Approximate Message Passing with Rigorous Guarantees for Pooled Data and Quantitative Group Testing

In the pooled data problem, the goal is to identify the categories associated with a large collection of items via a sequence of pooled tests. Each pooled test reveals the number of items of each category within the pool. We study an approximate message passing (AMP) algorithm for estimating the categories and rigorously characterize its performance, in both the noiseless and noisy settings. For the noiseless setting, we show that the AMP algorithm is equivalent to one recently proposed by El Alaoui et al. Our results provide a rigorous version of their performance guarantees, previously obtained via non-rigorous techniques. For the case of pooled data with two categories, known as quantitative group testing (QGT), we use the AMP guarantees to compute precise limiting values of the false positive rate and the false negative rate. Though the pooled data problem and QGT are both instances of estimation in a linear model, existing AMP theory cannot be directly applied since the design matrices are binary valued. The key technical ingredient in our analysis is a rigorous asymptotic characterization of AMP for generalized linear models defined via generalized white noise design matrices. This result, established using a recent universality result of Wang et al., is of independent interest. Our theoretical results are validated by numerical simulations. For comparison, we propose estimators based on convex relaxation and iterative thresholding, without providing theoretical guarantees. The simulations indicate that AMP outperforms the convex estimator for noiseless pooled data and QGT, but the convex estimator performs slightly better for noisy pooled data with three categories when the number of observations is small.

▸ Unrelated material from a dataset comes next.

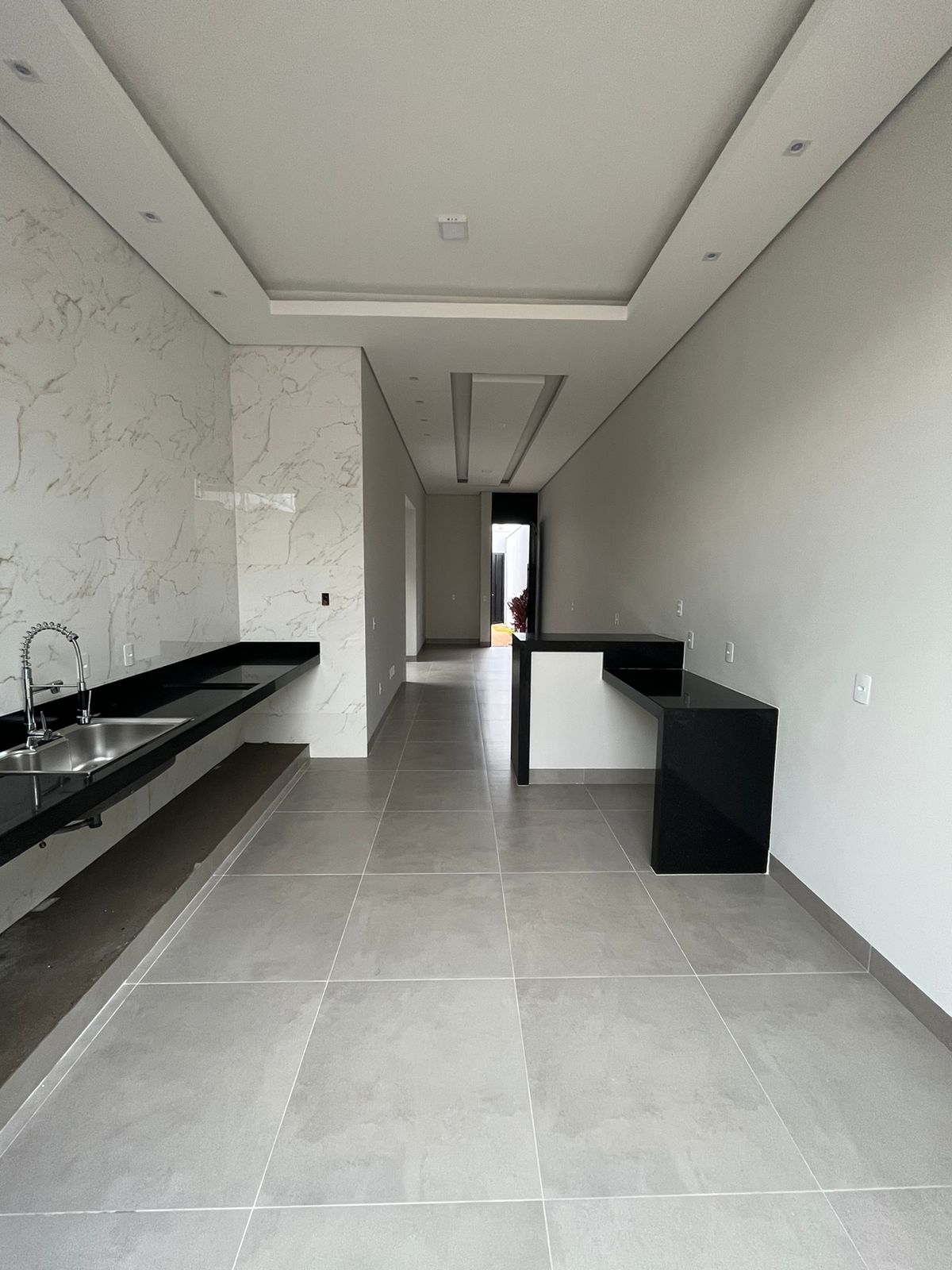Terreno de 150 metros com 85 metros de área construída- Casa toda em porcelanato Classe A- Banheiro social- 3 quartos sendo 1 suíte com closet- Preparação para ar condicionado em todos os quartos- Pé direito duplo com sanca dupla na sala e na cozinha- Estrutura para instalação de aquecedor solar- Preparação de água quente na cozinha e nos banheiros- Cozinha com churrasqueira integrada e revestida com porcelanato- Cuba grande na pia da cozinha com torneira gourmet- Península na cozinha com balcão e bancada- Granitos nas cores preto São Gabriel e Quartzo - Lavanderia com cuba inox e bancada de apoio- Ducha na parte externa da casa- Garagem para dois carros- Esquadrias pretas em toda a casa- Acabamento alto padrão

翻译：在汇集数据问题中，目标是通过一系列汇集测试来识别大量物品的类别。每次汇集测试揭示池中每个类别的物品数量。我们研究了一种用于估计类别的近似消息传递（AMP）算法，并在无噪声和有噪声设置下严格刻画其性能。对于无噪声情况，我们证明该AMP算法等价于El Alaoui等人最近提出的方法。我们的结果为其性能保证提供了严格版本，这些保证此前是通过非严格技术获得的。对于两类别的汇集数据情况（称为定量群检测，QGT），我们利用AMP保证计算出假阳性率和假阴性率的精确极限值。尽管汇集数据问题和QGT都是线性模型中的估计实例，但现有AMP理论无法直接应用，因为设计矩阵是二值的。我们分析中的关键技术要素是对通过广义白噪声设计矩阵定义的广义线性模型的AMP的严格渐近刻画。这一结果利用Wang等人最近的普适性结果建立，具有独立的研究价值。我们的理论结果通过数值仿真得到验证。作为比较，我们提出了基于凸松弛和迭代阈值的估计器，但未提供理论保证。仿真表明，对于无噪声汇集数据和QGT，AMP优于凸估计器；但对于三类别噪声汇集数据且观测数量较少时，凸估计器表现略优。